Print, word for word, the opening line of the data below and every line after it through the line that contains "书名:新能源汽车底盘故障诊断与排除", but not the pictures.

*-*-*

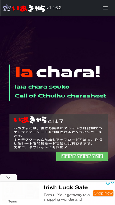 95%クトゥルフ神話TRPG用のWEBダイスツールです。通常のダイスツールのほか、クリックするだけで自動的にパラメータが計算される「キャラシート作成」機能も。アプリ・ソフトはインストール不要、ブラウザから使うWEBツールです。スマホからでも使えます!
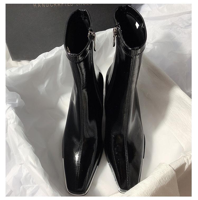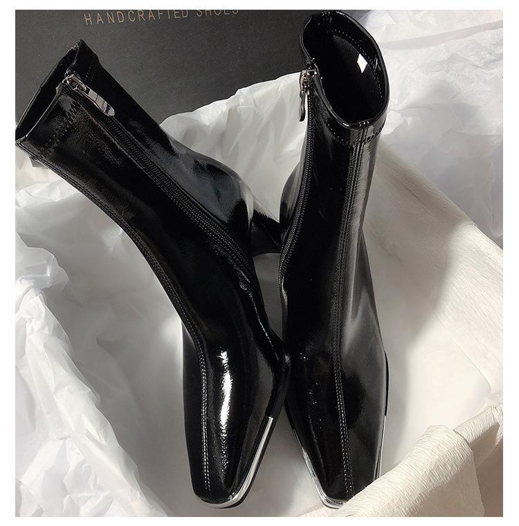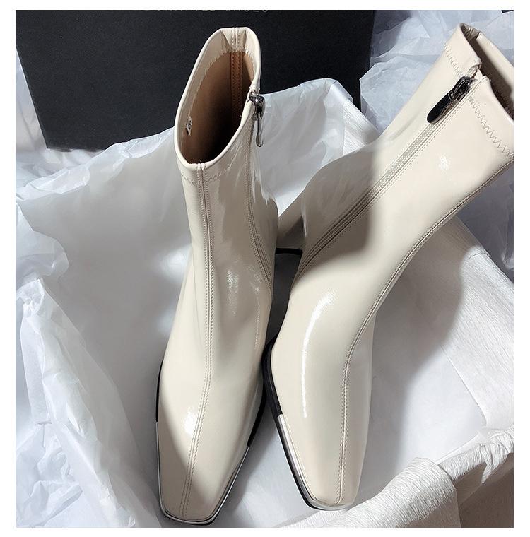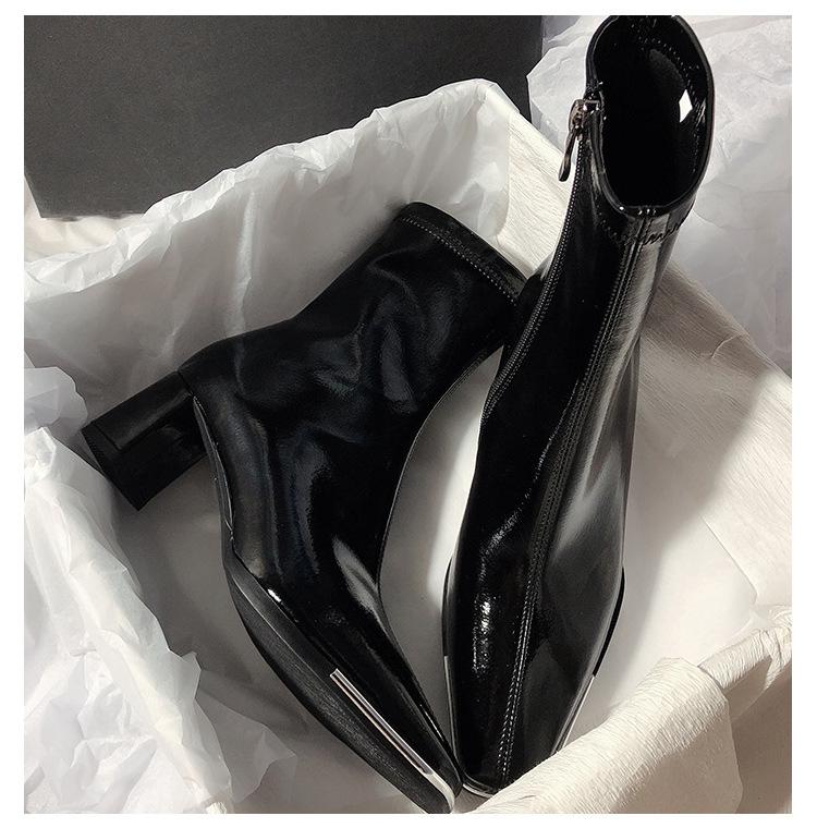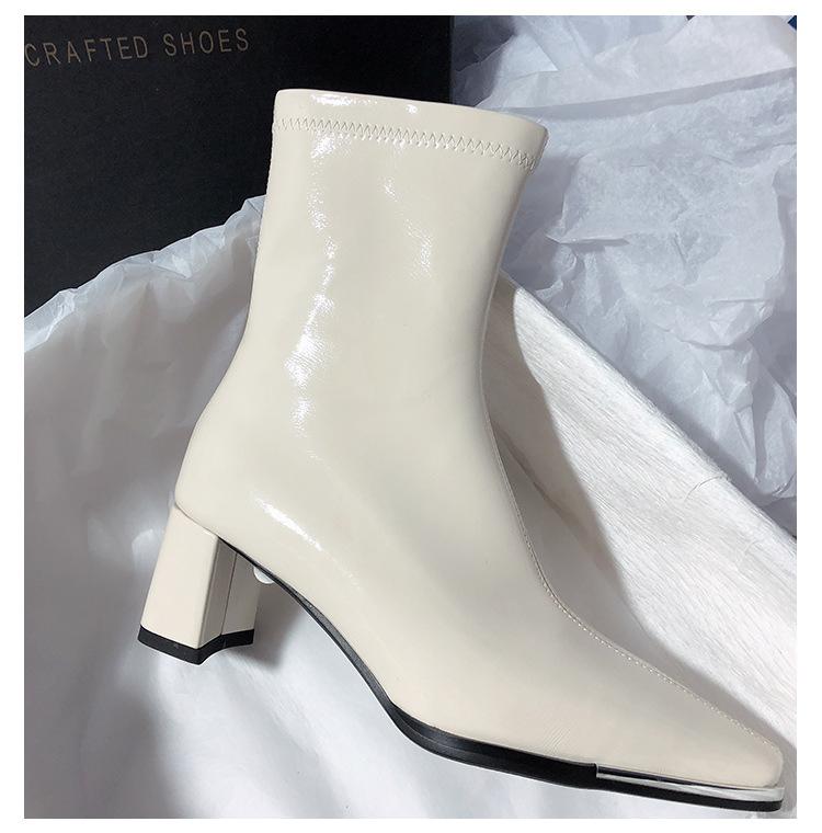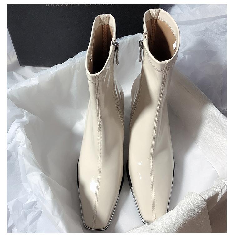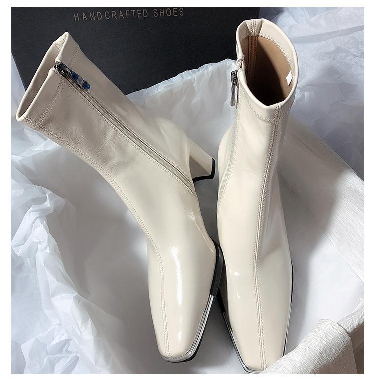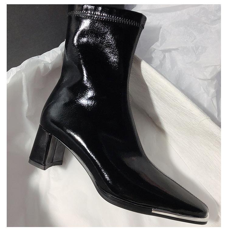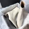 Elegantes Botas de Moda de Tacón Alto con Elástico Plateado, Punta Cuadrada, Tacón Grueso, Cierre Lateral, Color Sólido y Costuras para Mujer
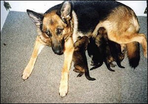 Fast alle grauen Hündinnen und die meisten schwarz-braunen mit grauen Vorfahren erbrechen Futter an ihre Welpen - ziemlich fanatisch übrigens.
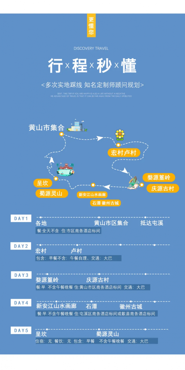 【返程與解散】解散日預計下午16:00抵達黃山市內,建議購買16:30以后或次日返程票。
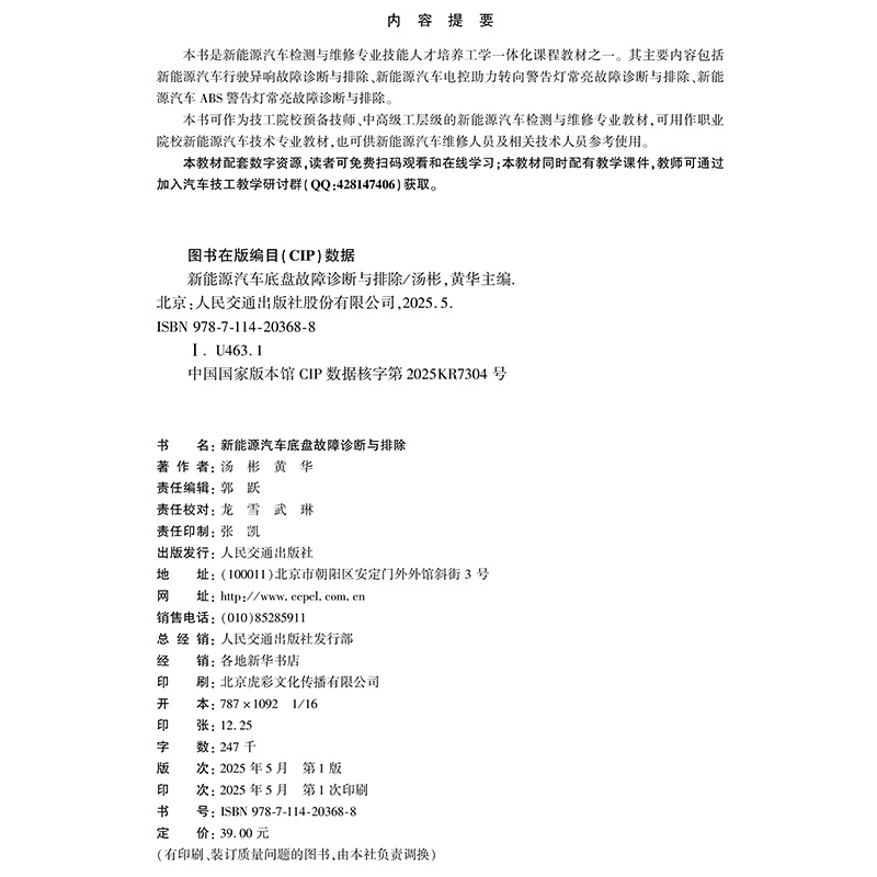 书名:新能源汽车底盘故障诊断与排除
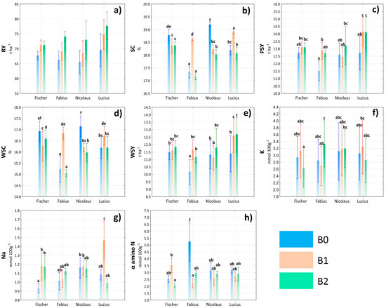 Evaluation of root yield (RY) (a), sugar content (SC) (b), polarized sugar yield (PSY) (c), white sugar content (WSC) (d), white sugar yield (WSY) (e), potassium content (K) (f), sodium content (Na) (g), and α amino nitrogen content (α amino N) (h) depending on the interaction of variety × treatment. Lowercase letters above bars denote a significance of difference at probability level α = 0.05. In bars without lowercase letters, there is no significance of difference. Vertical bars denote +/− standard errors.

*-*-*

**SOLUTION**
 95%クトゥルフ神話TRPG用のWEBダイスツールです。通常のダイスツールのほか、クリックするだけで自動的にパラメータが計算される「キャラシート作成」機能も。アプリ・ソフトはインストール不要、ブラウザから使うWEBツールです。スマホからでも使えます!
 Elegantes Botas de Moda de Tacón Alto con Elástico Plateado, Punta Cuadrada, Tacón Grueso, Cierre Lateral, Color Sólido y Costuras para Mujer
 Fast alle grauen Hündinnen und die meisten schwarz-braunen mit grauen Vorfahren erbrechen Futter an ihre Welpen - ziemlich fanatisch übrigens.
 【返程與解散】解散日預計下午16:00抵達黃山市內,建議購買16:30以后或次日返程票。
 书名:新能源汽车底盘故障诊断与排除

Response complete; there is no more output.